Vector search helps find semantically related memories even when the wording differs. BM25 helps when exact terms matter. Hybrid search combines both signals.

For an agent, memory retrieval can happen before a response, during a tool-use loop, or through an explicit memory-search tool exposed to the agent.

Example With the Python SDK

A simple memory flow stores a conversation and later searches for relevant memory.

import os
from engram import EngramClient

client = EngramClient(api_key=os.environ["ENGRAM_API_KEY"])

run = client.memories.add(
    [
        {"role": "user", "content": "I prefer dark mode and concise answers."},
        {"role": "assistant", "content": "Got it. I will keep responses concise."},
    ],
    user_id="alice"
)

memories = client.memories.search(
    "What response style does the user prefer?",
    user_id="alice"
)

In practice, the application would usually store memory after relevant interactions and retrieve memory before or during agent reasoning.

Example With the REST API

Engram can also be called over HTTP from any language.

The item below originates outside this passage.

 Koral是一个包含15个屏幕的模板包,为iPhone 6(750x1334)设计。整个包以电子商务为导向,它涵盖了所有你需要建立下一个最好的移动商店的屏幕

curl -X POST "https://api.engram.weaviate.io/v1/memories" \
  -H "Authorization: Bearer $ENGRAM_API_KEY" \
  -H "Content-Type: application/json" \
  -d '{
    "input": {
      "string": {
        "content": ["The user prefers dark mode."]
      }
    },
    "user_id": "alice"
  }'

This makes Engram usable from applications that are not Python-based.

Where Engram Fits in an Agent Stack

Engram is not the LLM itself, and it is not the whole agent runtime.

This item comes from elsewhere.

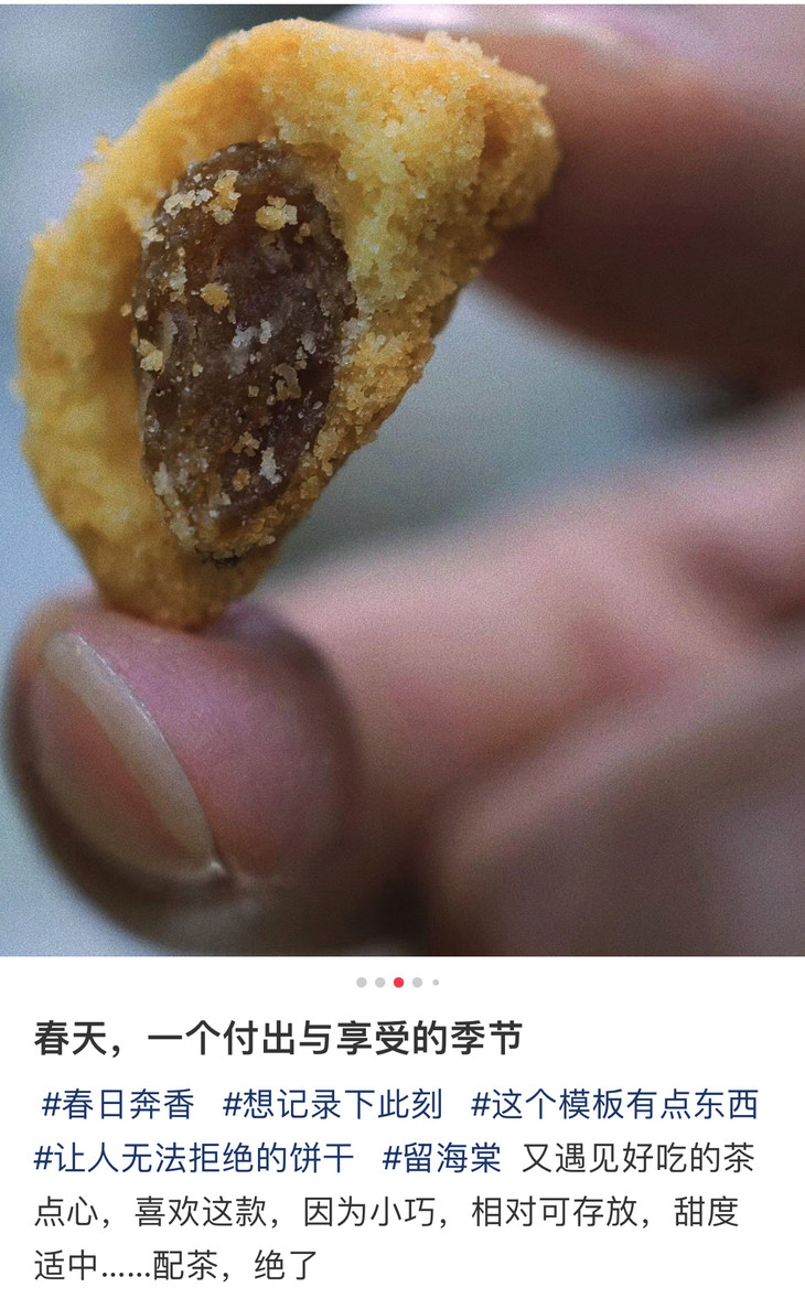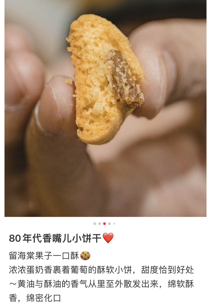 包装很是古朴,有魂穿民国时期内味了,打开就能闻到一口酥饱满的黄油鸡蛋香,是记忆中的质朴和醇厚。咬上一口,酥底温和酥软,里面的葡萄干带着柔软的嚼劲和淡淡的果甜,满足唇齿咀嚼欲望,酥而不碎,甜而不腻,香且绵密,小小粒,一口一个,是会上头的!约上三五好友,彻上一壶清茶,秋日午后温暖的下午茶真是太美好了!

It fits as the memory and context layer around an agent application. The agent or app decides when to add information, when to search memory, and how retrieved memory should be inserted into the prompt or used by tools.

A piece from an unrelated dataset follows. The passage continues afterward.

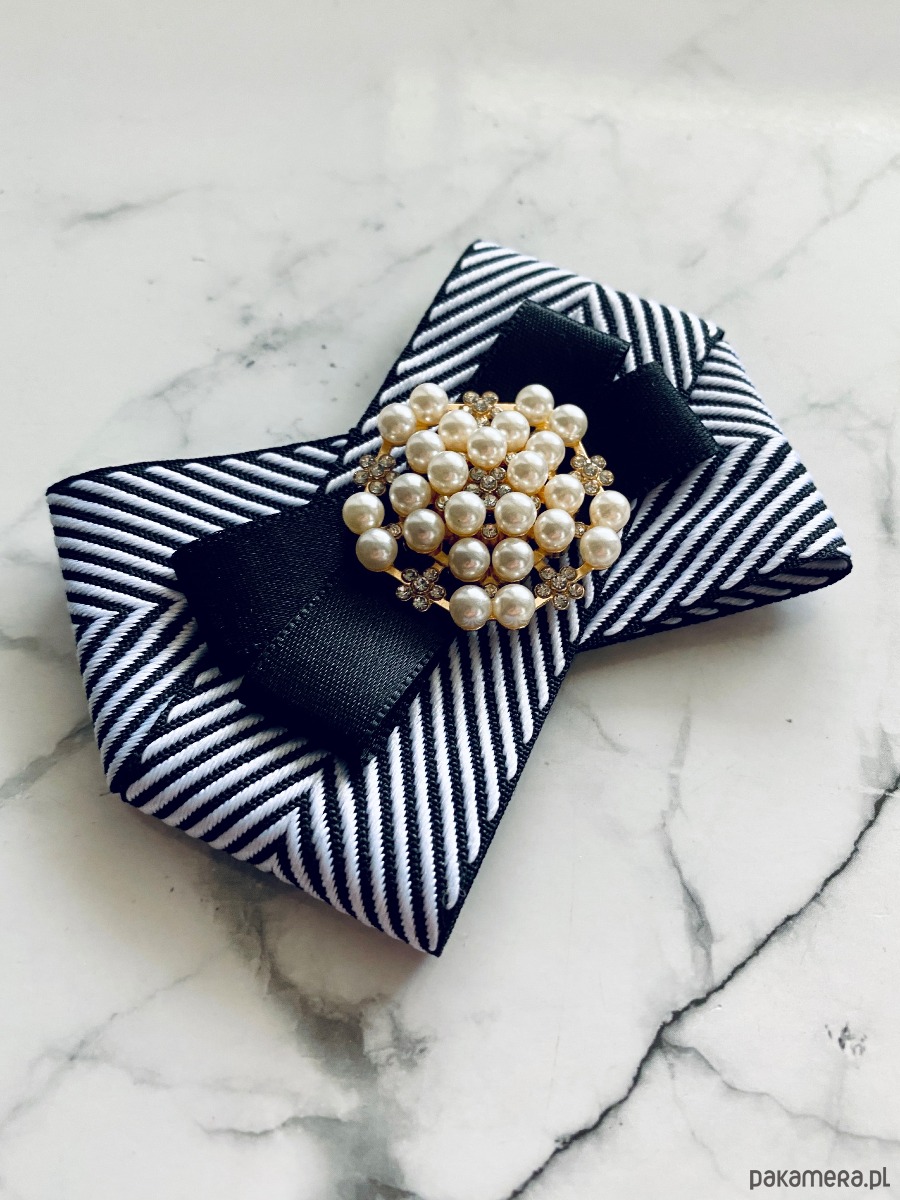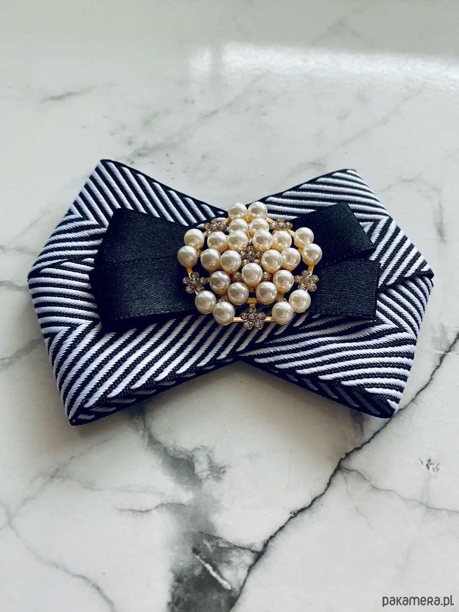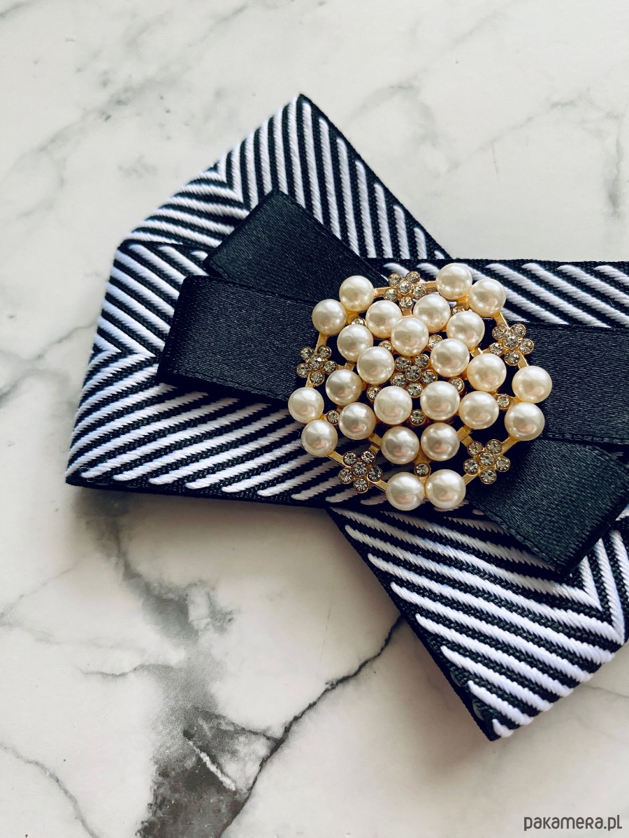 Broszka wykonana z wysokiej jakości taśm i dodatków.

This makes Engram useful for teams that already have an agent framework but need a managed memory layer with scoping, extraction, reconciliation, and retrieval.

Common Use Cases

Personalized chat assistants that remember user preferences.
Customer support agents that remember account-specific context.
Coding agents that remember project conventions and past fixes.
Research agents that maintain task history and learned facts.
AI-native apps that need memory across sessions and workflows.
Multi-tenant products that need scoped memory isolation.

What Engram Is Not

Engram is not just a raw transcript store.

It is also not a replacement for authorization, application state, or domain databases. Sensitive business rules and source-of-truth records should still live in appropriate systems.

Engram is best understood as an agent memory service: it helps maintain and retrieve contextual knowledge that improves agent behavior.

Design Considerations

Before using Engram, teams should decide what the agent is allowed to remember.

Important questions include:

Which topics should become durable memory?
Which memories are user-scoped, project-wide, or conversation-scoped?
How should changed preferences or stale facts be handled?
When should the agent search memory?
How much retrieved memory should enter the prompt?
What retention and deletion policies apply?

Benefits

Agents can keep useful context across sessions.
Applications avoid stuffing every past message into the prompt.
Memory can be scoped to users, projects, and custom properties.
Asynchronous processing keeps write latency low.
Deduplication and reconciliation reduce repeated or contradictory memories.
Vector, keyword, and hybrid retrieval support different recall patterns.

Trade-Offs

Any memory layer adds design responsibility.

Teams still need to decide what should be remembered, how memory should be retrieved, how sensitive information should be handled, and how stale or incorrect memories should be corrected.

Engram provides memory infrastructure, but the application still needs a clear memory policy.

Summary

Weaviate Engram is a memory server for LLM agents and AI-native applications.

It accepts raw text, conversations, or pre-extracted facts; processes them asynchronously through memory pipelines; organizes memories by topics and groups; scopes them by project, user, and properties; and retrieves them with vector, BM25, or hybrid search.

For agentic applications, Engram is useful when memory needs to be persistent, searchable, scoped, and actively maintained instead of stored as an unmanaged pile of conversation history.